IT has a big role in a virtual world

Information technology, through desktop systems, networks and the Internet, has penetrated every corner of the enterprise. Business units are building e-commerce sites, launching supply-chain alliances and spinning off e-businesses.

In this virtual world, the old-guard IT department, with its Industrial Age hierarchical management structure, resembles a relic of a bygone era. Is the IT department as we know it becoming irrelevant?
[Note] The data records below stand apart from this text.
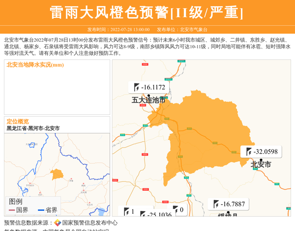 北安市气象台2022年07月28日13时00分发布雷雨大风橙色预警信号:预计未来6小时我市城区、城郊乡、二井镇、东胜乡、赵光镇、通北镇、杨家乡、石泉镇将受雷雨大风影响,风力可达8-9级,南部乡镇阵风风力可达10-11级,同时局地可能伴有冰雹、短时强降水等强对流天气。请有关单位和个人注意做好预防工作。 信息来源:国家预警信息发布中心; 发布单位:北安市气象台。
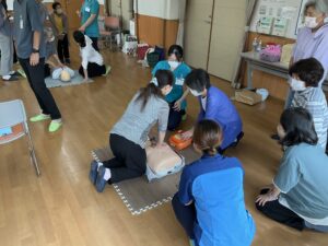 研修では、マネキンを使用した胸骨圧迫の実技や、AED(自動体外式除細動器)の使用方法について、実践的な指導が行われました。
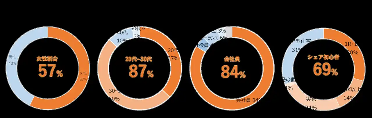 また入居者様全体の8 割以上が会社員、内約7 割が上場企業や大手外資系企業に勤務されています。従来の賃貸住宅ではなく、あえて「コリビング賃貸レジデンス」を選び、次世代のライフスタイルを実践する点も大きな特徴です。 |
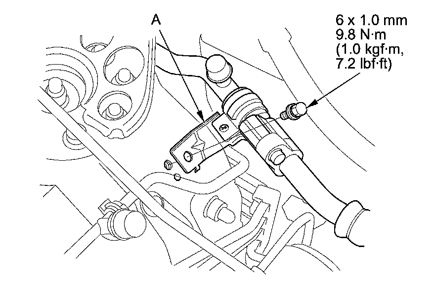 2. Remove the bolt from the A/C line clamp (A).
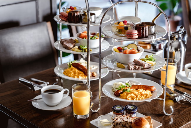 ホテル1階レストラン「ルボンヴィーヴル」にて、前菜からメイン、デザートまでを、3段のティースタンドで提供するモーニングハイティーが誕生しました。レストランオリジナルレシピのパテ・ド・カンパーニュやトリュフ入りマッシュポテト、京都に本店を構える「一保堂茶舗」のほうじ茶を用いたクレームブリュレなど10種類以上のメニューを、ベーカリー「進々堂」のパンと共に、ハイティースタイルで、一度に楽しめる新しいメニューです。彩りあざやかでバラエティー豊かな料理の数々が楽しめる、いつもとは異なる朝食スタイルで、優雅な時間をお過ごしください。

That idea might seem ludicrous at first, but the symptoms are there. Technology is emerging that facilitates Web-based access to legacy data and business rules, ultimately allowing business units to bypass IT operating environments. Vendors are targeting their sales pitches at business units because they have larger budgets. Business units have taken over many application management tasks, and a variety of IT core competencies are being outsourced. Most of all, the Internet and intranets have subverted the hierarchical IT management model. Informal communication among entities is replacing formal chains of command and side-stepping old lines of authority.

Management breakdown

According to The Cluetrain Manifesto (Perseus Books, 2000), today’s organizational chart is “hyperlinked, not hierarchical.” Management hierarchies are breaking down just as IT functions are being taken over by vendors and non-IT business units. A few of my colleagues believe that IT as we know it will fade into obscurity. But I’m not ready to accept that: IT still has much to offer, whether businesses realize it or not.
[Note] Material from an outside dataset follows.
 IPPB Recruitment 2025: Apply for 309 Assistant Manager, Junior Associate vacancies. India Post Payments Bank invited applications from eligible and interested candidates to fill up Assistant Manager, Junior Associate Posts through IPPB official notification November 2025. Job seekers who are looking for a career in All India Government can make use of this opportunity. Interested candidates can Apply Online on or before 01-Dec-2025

IT still owns the data, computing power, operational systems, technical know-how and disciplines critical to the effective management of information on a large scale. But change is coming, and I believe IT must spearhead efforts to redeploy information management across the enterprise. IT must reinvent itself so that the information management skills that have matured during the past few decades are not relearned through trial-and-error processes that end up costing companies money, people and their futures. As IT reinvents itself, these disciplines should be preserved and applied to the new organizations.

Out with the old

Change will be painful. The management hierarchy chart needs to be tossed aside so that IT can reinvent itself by creating an organization that can collaborate and adapt to business dynamics and technical innovation.

The concept requires modelling information management functions after the way they really work and making the transition from the old hierarchy to this new model. For example, the business units responsible for supporting applications should be organized into an application hub (or working group) structure that clearly delineates responsibilities. Each application hub could make enhancement or replacement decisions, restricted only by the impact they might have on related applications or architectures.

Under this model, working groups can implement decisions free from the command-and-control hierarchies that tend to stifle collaboration and adaptability. Each area sends representatives up to the next-level hub to collaborate on decisions that can’t be made at a more granular level. Centralized hubs set strategy, make cross-functional decisions and verify that IT disciplines are being deployed throughout the infrastructure.

At the centre of this is the IT advisory council, comprising representatives from internal and external groups responsible for information management across the enterprise.

We can either fight this evolutionary shift to a collaborative, adaptive management structure, or formalize a working model that reflects the new reality of information management.